Have A Mission

Missions In Everyday Life

Flight planning is the process of planning out the flight journey for an aircraft. It’s comprehensive and lays out the intentions, goals, and considerations of the aircraft for its journey. It takes into account things like fuel calculations to ensure that the plane can safely reach its destination. It pre-routes its flight path, speed, and altitudes to minimize the risk of a mid-air collision and to avoid any dangerous areas. Flight plans are what determine where a plane will take off from, and where it will land. They’re important not only for safety but also to minimize flight costs. Flight plans are essential to the success and efficiency of any flight.

Now imagine a flight with no plan, no mission. Flying aimlessly in the sky in the hands of fate. Although that may sound kinda peaceful, flying without a plan would be putting yourself and others at risk of a collision, and it’s anyone’s guess where that flight would end up. Nothing tangible would come from it. Even if you wanted to fly simply for leisure, you still need a plan to do that safely and effectively. When you have a mission, then you have some influence on your fate. You know why you’re doing what you’re doing.

This logic can apply to just about any aspect of life: Drive a car with no mission and you’ll end up out of gas in the middle of nowhere with no backup plan. Work at your job with no mission and you will become easily replaceable and lack personal and career growth. Even in your relationships, if you don’t have a mission, then they’re set up for failure[1].

Conversational circumplex

A mission is less of a plan and more of an intention, purpose, or vision. It directs you where you want to go with a plan of how to get there; that plan can and must change as variables inevitably change. That’s why aircraft have their flight planned out beforehand but are constantly in contact with air traffic control to receive new instructions whenever necessary. However, the overarching mission, if it was done correctly the first time, will stay the same.

You can easily distinguish a person on a mission and a person without one. In a recent interview, Arnold Schwarzenegger discussed his personal experiences with this. During his bodybuilding career, whenever he was in the gym lifting he knew that every rep, every set, every workout had an intention behind it. Arnold’s mission is the reason he never asked himself “why am I waking up at 5am to go to the gym?” He always knew that for every squat, bench press, chin up, and leg raise he did, he became one step closer to becoming the world champion at bodybuilding. The pain and struggle he endured in the gym made him feel ecstatic, unlike others he saw who were dreading to do another set. He knew exactly why he was there.

Missions In Business

A lot of people have a dismissive view of company mission statements. Common misconceptions are that they’re cheesy and cliché. This is unfortunate because as we have just learned, having a clear and authentic mission is absolutely vital to doing anything well. Not only that, but the more people an undertaking includes and the more networks information needs to pass through, then the more vital they become. It’s relatively easy for one person to understand why they’re doing what they’re doing. To share that with another person can be difficult. Does the other person share the same purpose? Does it really align with their own values and ambitions? Do they even understand what the mission entails?

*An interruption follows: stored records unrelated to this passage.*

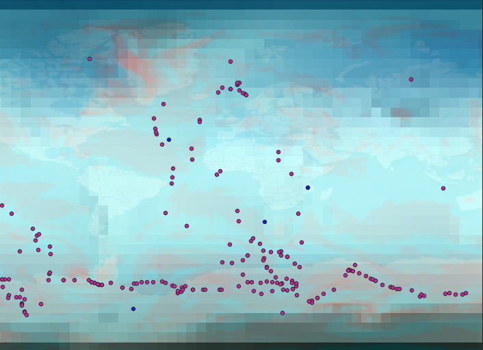 The map should now look something like the following. On my map, the pink dots are the Pacific Project data points, and the blue points are the Magellan data points. There is no apparent “magellan_desc” layer visible on the map because that layer does not contain geocoordinates of any sort.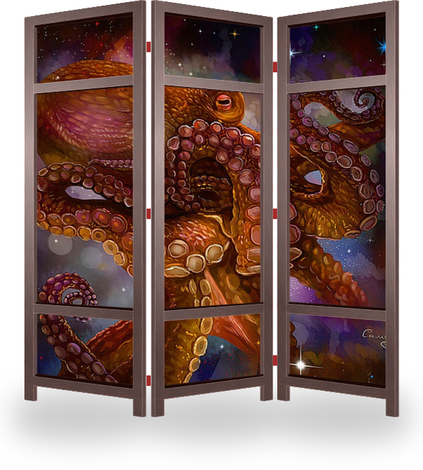Описание ширмы Осьмино?ги, или спру?товые — наиболее известные представители головоногих моллюсков. Типичные осьминоги...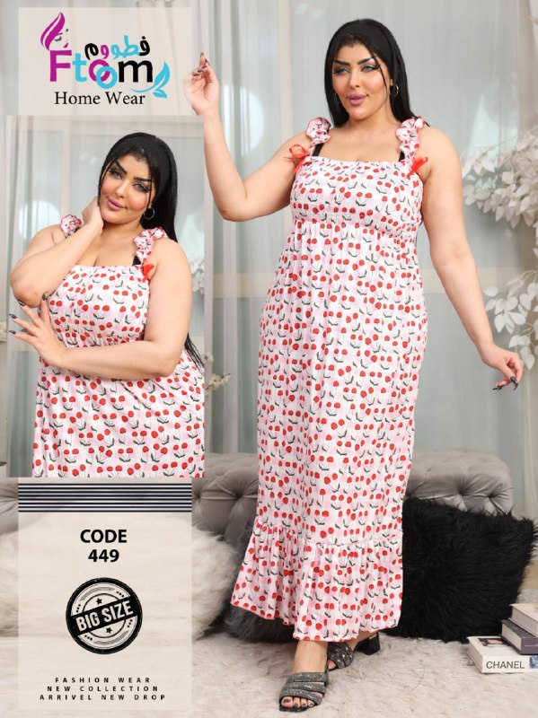 القَصّة واسعة ومريحة تلائم المقاسات الكبيرة (Big Size) وتناسب التلبيس حتى 130 كيلو، مع كشكشة رقيقة أسفل الفستان وحمالات بعقد مميزة تضيف لمسة ناعمة.

Sharing a mission with one other person may be difficult, but doing so with an entire company is even more challenging. Both the complexity and the importance of communicating a mission multiplies congruent with the company’s size. A company is a group of people (an organization) who work together to provide products and services for a profit, working in unison toward a common goal. Elon Musk says in its simplest form, “All a company is is a bunch of people together to create a product or service. There’s no such thing as a business, just pursuit of a goal—a group of people pursuing a goal.” The key takeaway here is the association of individuals working together on a common goal.

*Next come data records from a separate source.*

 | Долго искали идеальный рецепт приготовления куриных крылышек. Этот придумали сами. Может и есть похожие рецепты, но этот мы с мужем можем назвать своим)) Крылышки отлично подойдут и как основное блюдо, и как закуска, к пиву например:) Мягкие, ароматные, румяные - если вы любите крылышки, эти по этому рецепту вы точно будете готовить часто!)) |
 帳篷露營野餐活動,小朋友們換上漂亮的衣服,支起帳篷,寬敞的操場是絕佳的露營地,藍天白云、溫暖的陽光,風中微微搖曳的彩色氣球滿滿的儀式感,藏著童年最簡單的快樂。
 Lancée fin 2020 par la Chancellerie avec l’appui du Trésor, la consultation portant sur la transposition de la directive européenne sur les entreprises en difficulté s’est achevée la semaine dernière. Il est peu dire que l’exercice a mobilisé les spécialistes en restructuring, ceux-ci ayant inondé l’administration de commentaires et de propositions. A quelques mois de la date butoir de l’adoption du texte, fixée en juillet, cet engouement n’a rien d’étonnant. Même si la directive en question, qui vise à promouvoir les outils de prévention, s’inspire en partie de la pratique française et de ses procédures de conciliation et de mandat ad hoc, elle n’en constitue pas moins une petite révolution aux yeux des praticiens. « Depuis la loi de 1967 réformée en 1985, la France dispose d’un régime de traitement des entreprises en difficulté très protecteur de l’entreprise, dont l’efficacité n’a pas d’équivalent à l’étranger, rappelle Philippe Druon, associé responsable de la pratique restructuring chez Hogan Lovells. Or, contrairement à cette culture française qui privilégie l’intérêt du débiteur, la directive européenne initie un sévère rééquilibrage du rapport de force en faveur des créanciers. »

A company is like a car engine. A typical internal combustion engine has about 200 different parts, each very different from one another, yet they all play an important role in its functionality. The entire purpose of the engine is to convert chemical energy into mechanical energy to move the car. So despite each part having a different utility, they all play an important role in achieving the engines’ ultimate mission of moving the car.

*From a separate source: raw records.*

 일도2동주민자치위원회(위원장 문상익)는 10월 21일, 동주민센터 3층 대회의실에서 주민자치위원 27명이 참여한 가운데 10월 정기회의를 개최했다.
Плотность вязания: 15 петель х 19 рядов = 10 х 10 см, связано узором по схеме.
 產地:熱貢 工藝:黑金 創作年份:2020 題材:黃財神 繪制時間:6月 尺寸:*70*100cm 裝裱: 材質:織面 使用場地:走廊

Companies have marketing, sales, management, HR, accounting, operations, and many more departments that allow the business to work. These can be hundreds or thousands of people who are all doing very different things but are working towards the same thing. A company’s mission is the ultimate guideline for any employee in a company. If they are ever faced with a difficult business decision, they simply need to ask themself, “what decision is going to bring us closer to achieving our mission?”

Missions usually are not achievable destinations, rather they are abstract goals with a blurry finish line. As an example, Tesla’s mission is to “accelerate the world’s transition to sustainable energy.” There is no terminus. There’s no point in time where Tesla can definitively say that they have accomplished that. Many would argue that Tesla has already achieved that, and others would say there’s still a lot more they could do to further accelerated the world’s transition to sustainable energy. Therefore, missions are more of a direction rather than a destination.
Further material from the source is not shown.